Make sure your tank is established first with a cycled filter. They are cave dweller's and prefer clean waters, so WCs are a must! If you buy a pair its ok, I recommend that you buy more than on female, like 2or3 female's to one male, and tank size is important too, shallow and long tanks are best, 20 long is good, but I use 10g at the moment, but it works too! I just say go for it mahnn! 
They are not as hard as you think, but you need to read up first, WCs are the main key and not a fast moving flow in the tank.. sponge filters are the best for this. I hope this helps you out, after the female has fry remove the male in case he eats them, but momma is pretty tuff as she is smaller than the male, but packs a punch when it comes to her babies.

Clem


----------



## steveMc (May 19, 2016)

Thanks, that's good info!

I always do a ton of research beforehand. I used to have aquariums for years and years when I was younger. Just this year I started up my 30 gallon again (community tank), so am aware of cycling, water changes, etc..


----------



## skylane (Sep 7, 2015)

Well I should have read your intro dude, your a pro!

Clem


----------



## steveMc (May 19, 2016)

Ummm .. not really ;-)


----------



## skylane (Sep 7, 2015)

steveMc said:


> Ummm .. not really ;-)


That makes for most of us , including me, lol!!
I can only say, as much as you read it's not the same for the experience, I've been in the hobby for over 30yrs now, on and off in between. There was no forums, only books, and the info was not 100% accurate as specie's have since there was not a lot learned yet or discovered, and not to mention the hybrids to follow.

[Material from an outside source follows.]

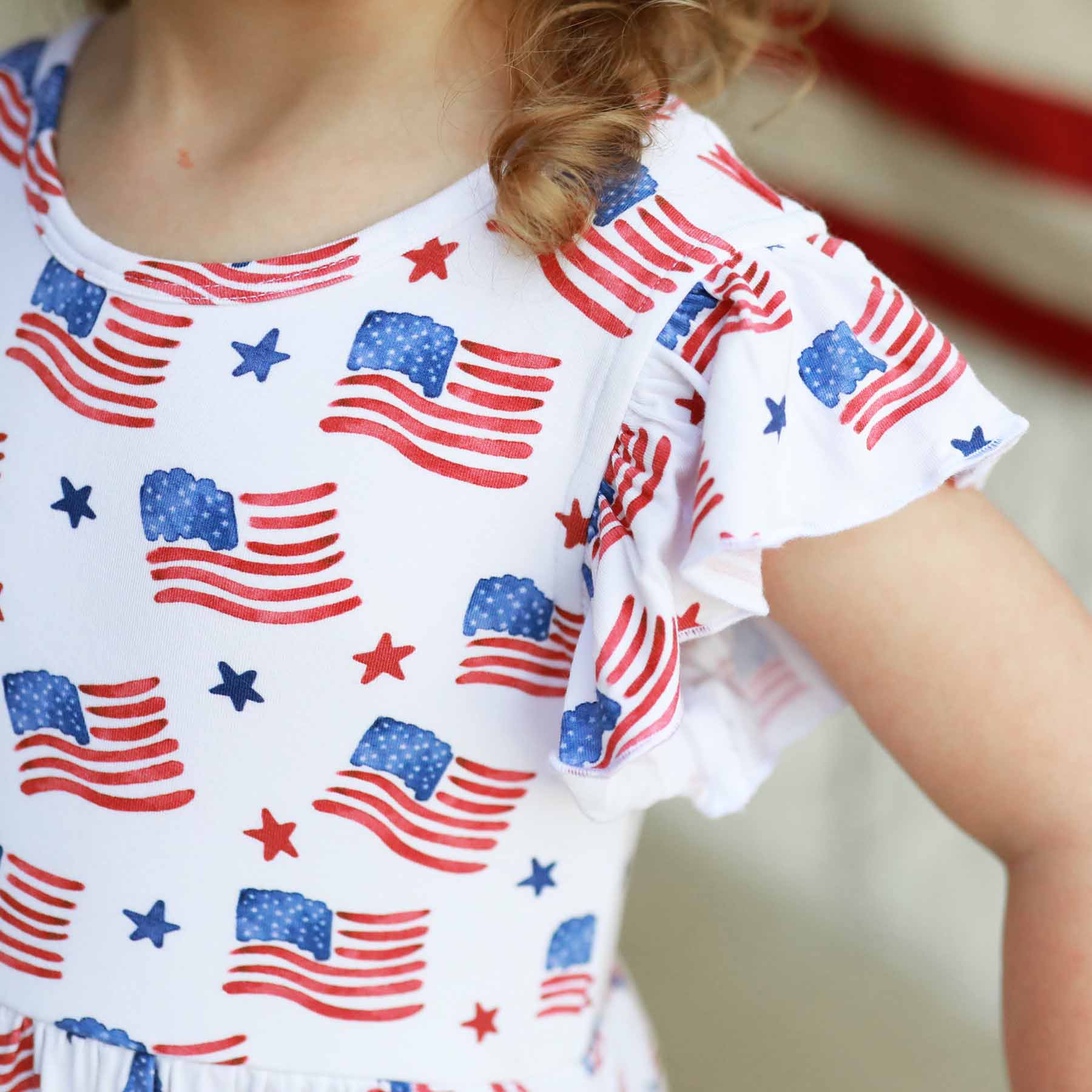 Made for twirling and showing off love of the USA, this dress featuring high-flying flags is the cutest casual dress for any little patriot! Designed from soft and lightweight bamboo fabric, this dress is a dream to wear for warm summer days, keeping your little one comfortable throughout every 4th of July picnic or backyard barbecue. Matching the entire American Dreams collection, this dress is the perfect look for any girl wanting to match with the whole family while showing off her love for the red, white and blue!

But I believe In sharing knowledge and helping others, is what I hoped to gain on forums. But if you get Apistos, your gonna love em, and like me and most of us , get addicted!!&#128521;

Clem


----------



## fubujubu (Jan 10, 2011)

Love the males when they start showing off. Came across yellows not long ago and started a few breeding projects myself.
Trying yellow males with flash oranges and triple reds. See what they yield.


----------